Lionel Cretu from Lansing, Michigan, is an Economist and Free Money believer, who writes the problem is that the general population in Europe doesn’t participate in capital gains even though e.g. ETFs have made that really easy. He questions if all of the population would participate: Could this lower bond yields or inflate stock prices to dramatic levels? In other words: Could it be socially optimal that parts of the population stay away from capital gains?
Lionel writes the Marxist theory of the falling profit rate is perhaps the most stupid ones of all times. He further writes the econometric paper claims this as the evidence. He says he could easily plot a regression around this and look at the R*2 it would be so low and demonstrating statistical insignificance, many authors are already implicitly denying trend stationarity which adds to the irony of claiming this as scientific evidence.

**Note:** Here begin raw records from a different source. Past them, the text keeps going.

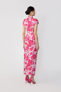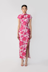 Modern Cheongsam jacquard midi dress with a Mandarin collar and cap sleeves featuring our signature hand-tied pipa knot detail MATERIAL & CARE • Shell - 100% Polyester • Lining - 97% Polyester, 3% Spandex • Garment Care: Hand wash separately or dry clean
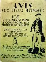 Recruitment affice under Louis XV for the Royal Fusiliers Corps of La Marine.
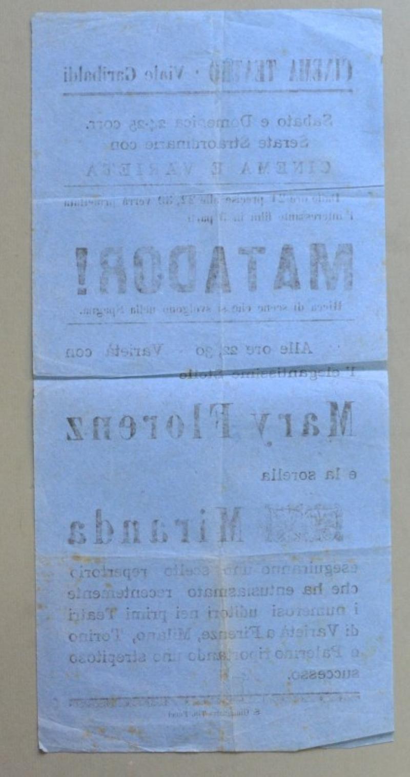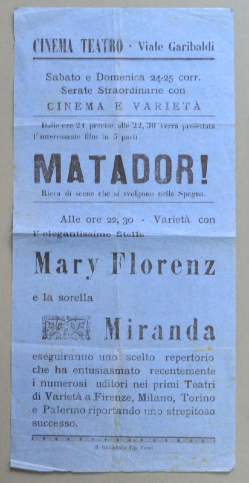 S. GIMIGNANO, Siena. CINEMA TEATRO VIA GARIBALDI. Volantino originale pubblicitario (circa 1925)
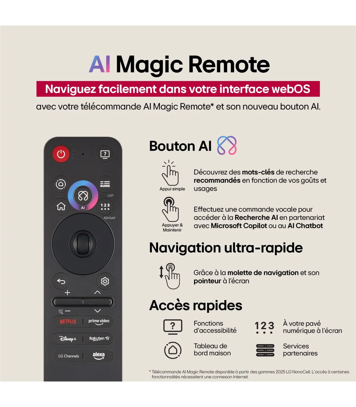 Découvrez le LG OLED65G54LW, un téléviseur 65" qui sublime votre salon avec une image 4K d’une précision exceptionnelle grâce à sa dalle OLED aux noirs parfaits et à la technologie HDR (Dolby Vision) pour des couleurs riches et un contraste saisissant. Profitez d’une expérience cinéma à domicile fluide avec une fréquence de rafraîchissement 120 Hz, idéale pour les films, le sport et le gaming. Son système Smart TV (webOS) offre un accès instantané à vos applications de streaming, assistants vocaux et contenus personnalisés. La connectivité complète avec HDMI, Wi‑Fi et Bluetooth assure une installation simple de vos consoles, barres de son et appareils mobiles. Son design ultra-fin et moderne s’intègre élégamment à tout intérieur, tandis que le son immersif compatible Dolby Atmos renforce le réalisme. Optez pour ce téléviseur 4K UHD haut de gamme pour une qualité d’image immersive, une navigation intuitive et des performances durables, parfaites pour transformer chaque séance en véritable spectacle.
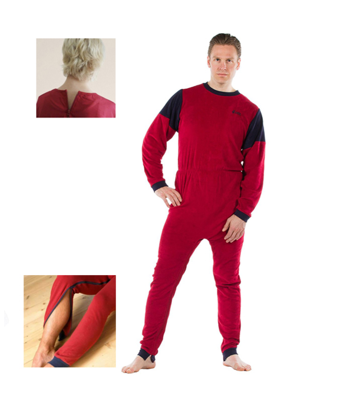 Overall i frotté med mjuk dragkedja i både gren och rygg. Hjälper till att förhindra plock med inkontinensskydd. Dragkedjan i grenen går längs hela benens innersömmar för att underlätta byte av inkontinensskydd. 100% bomull. Maskintvätt 60 grader.
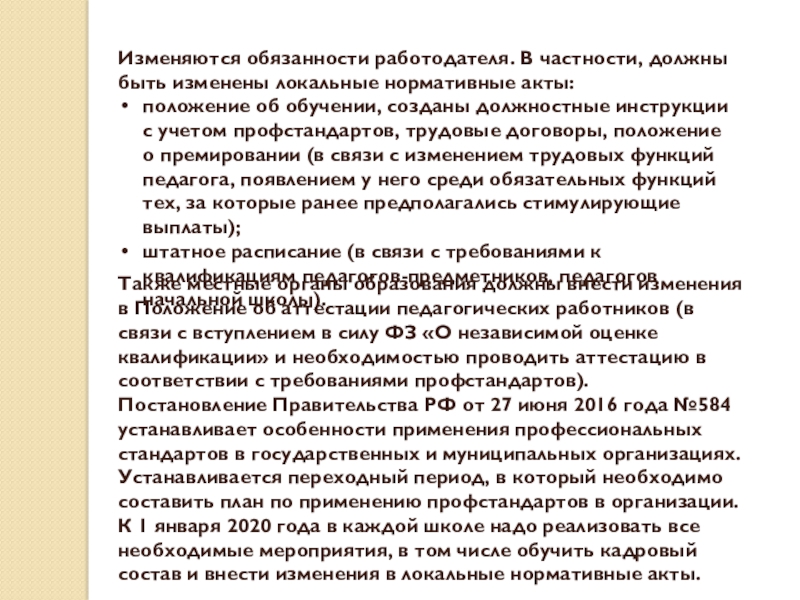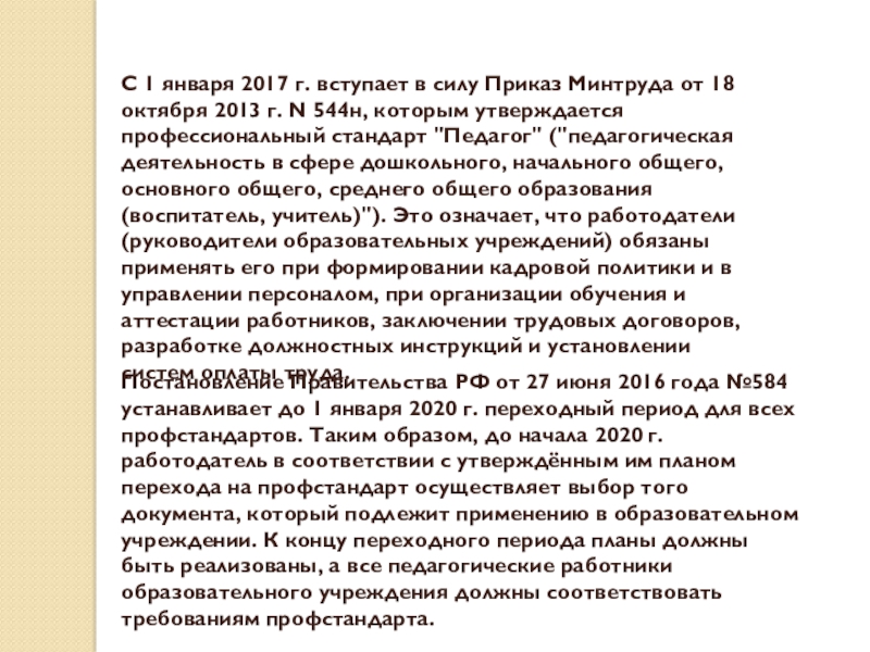 Постановление Правительства РФ от 27 июня 2016 года №584 устанавливает особенности применения профессиональных стандартов в государственных и муниципальных организациях. Устанавливается переходный период, в который необходимо составить план по применению профстандартов в организации. К 1 января 2020 года в каждой школе надо реализовать все необходимые мероприятия, в том числе обучить кадровый состав и внести изменения в локальные нормативные акты.
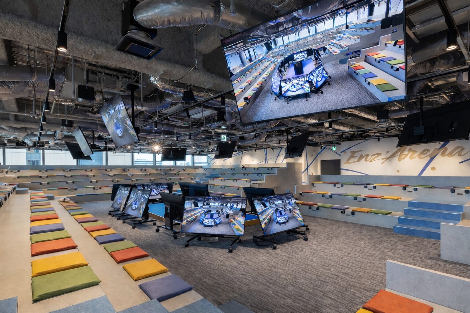 天井はあえて剥き出し。幾多のモニターが全方向に取り囲み、段差状の座席がアリーナのように広がります。強いキャラクターを放つ、機能美に満ちた空間です。
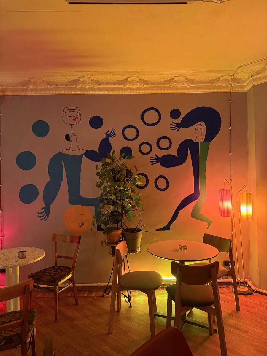 - Интерьер в стиле 80-х: плакаты, картины (особенно зашла «Мутный Пес»), вычурные детали, немного квартирник.
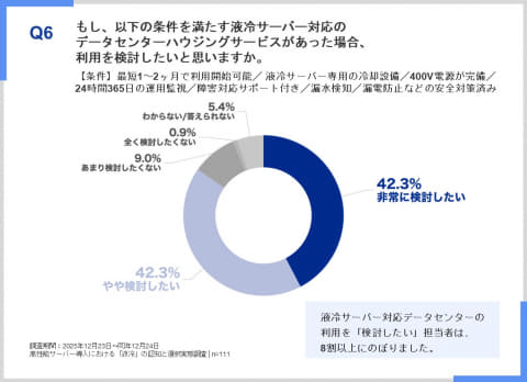そのため、液冷方式サーバーに対応したデータセンターハウジングの利用を検討する企業は84.6%に上り、専門性を外部に委ねたいというニーズが高まっていると分析。液冷サーバーの普及には、技術に加え、安全で確実な運用を支えるサービス提供の重要性が示唆されたとしている。
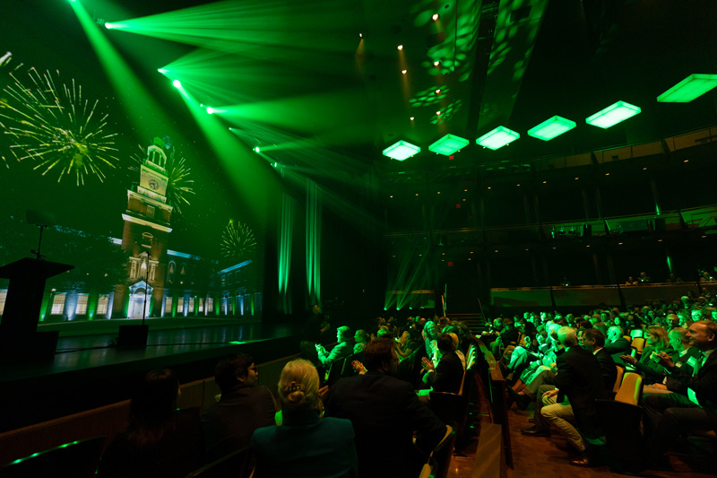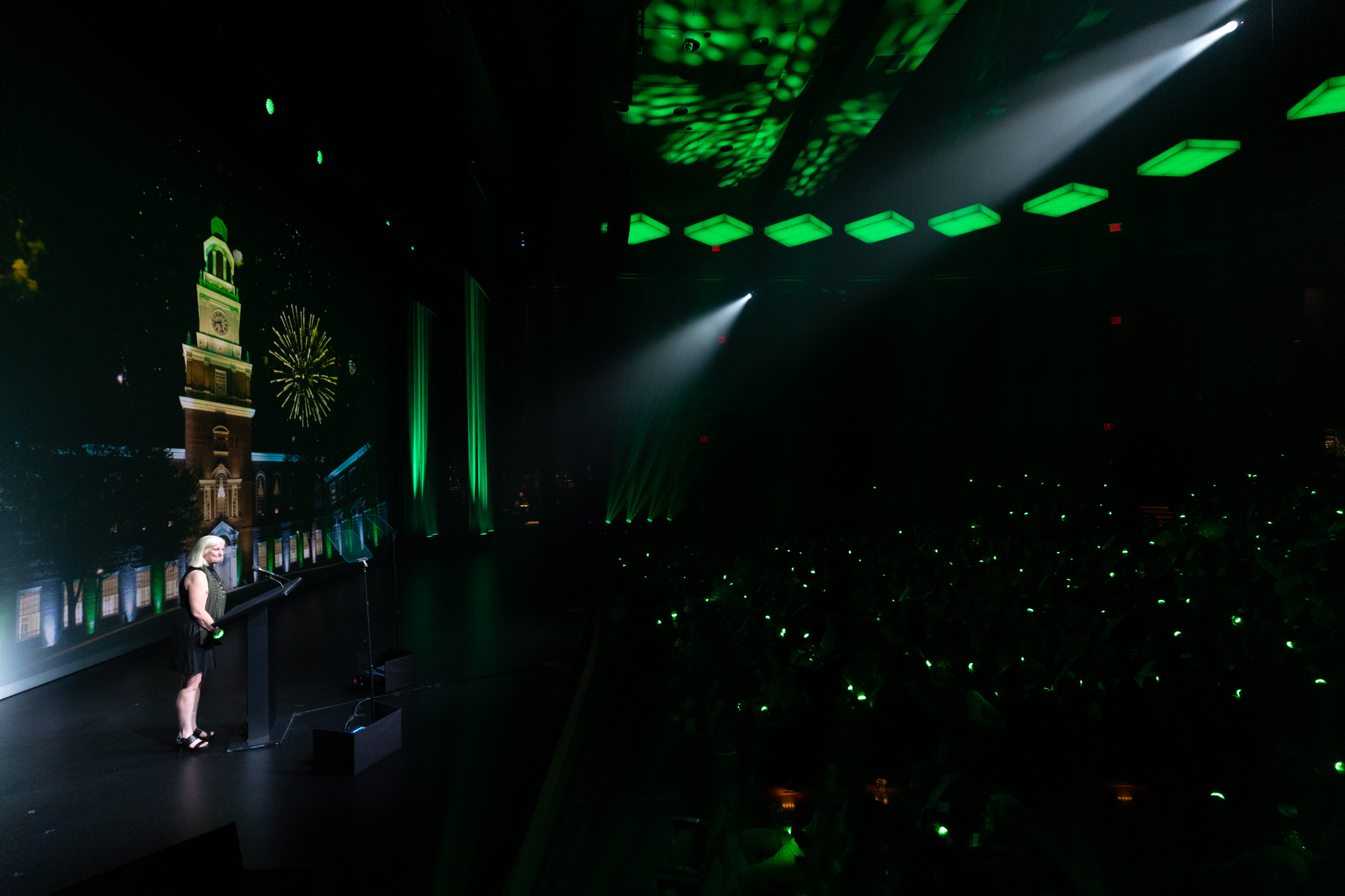The 45-minute stage program included monumental screen projections, a series of videos that told the story of A New Day at Dartmouth and summarized the achievements of The Call to Lead comprehensive campaign. The program paid tribute to Dartmouth’s outgoing President, Philip J. Hanlon, and re-energized the community about how Dartmouth’s future leaders will shape a better world.
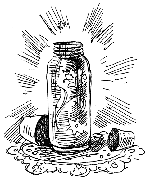 Джинн, яви свою мне верностьИ вернись обратно в термос!..Джинн сначала одной ногой осторожно ступил в термос, потом второй. Сложив над головой руки, он начал медленно втягиваться в узкое горлышко. Очертания его затуманились. Потом он сделался прозрачным, зыбким, словно жидкое стекло. Сквозь него стала видна дверь, ведущая на кухню. И наконец, тонкой струйкой дыма он исчез в термосе.

Lionel once wrote about a major problem he faced. He imagined Bertrand competition but one firm had the lowest cost function, therefore becoming a natural monopoly. The other firms close, then the natural monopoly takes the monopoly price. Because of time lag, the natural monopoly can enjoy a temporary profit but the other firms enter again because they can offer at a lower price. Then the natural monopoly bids the lowest price again and becomes a natural monopoly again. The other firms lose money entering and leaving and because they are anticipating that they will get thrown out by the natural monopoly, the firm becomes a permanent monopoly but with the profit maximizing price. There are no entry barriers, so how can you prevent this structurally and make the natural monopoly stay at the lowest possible price?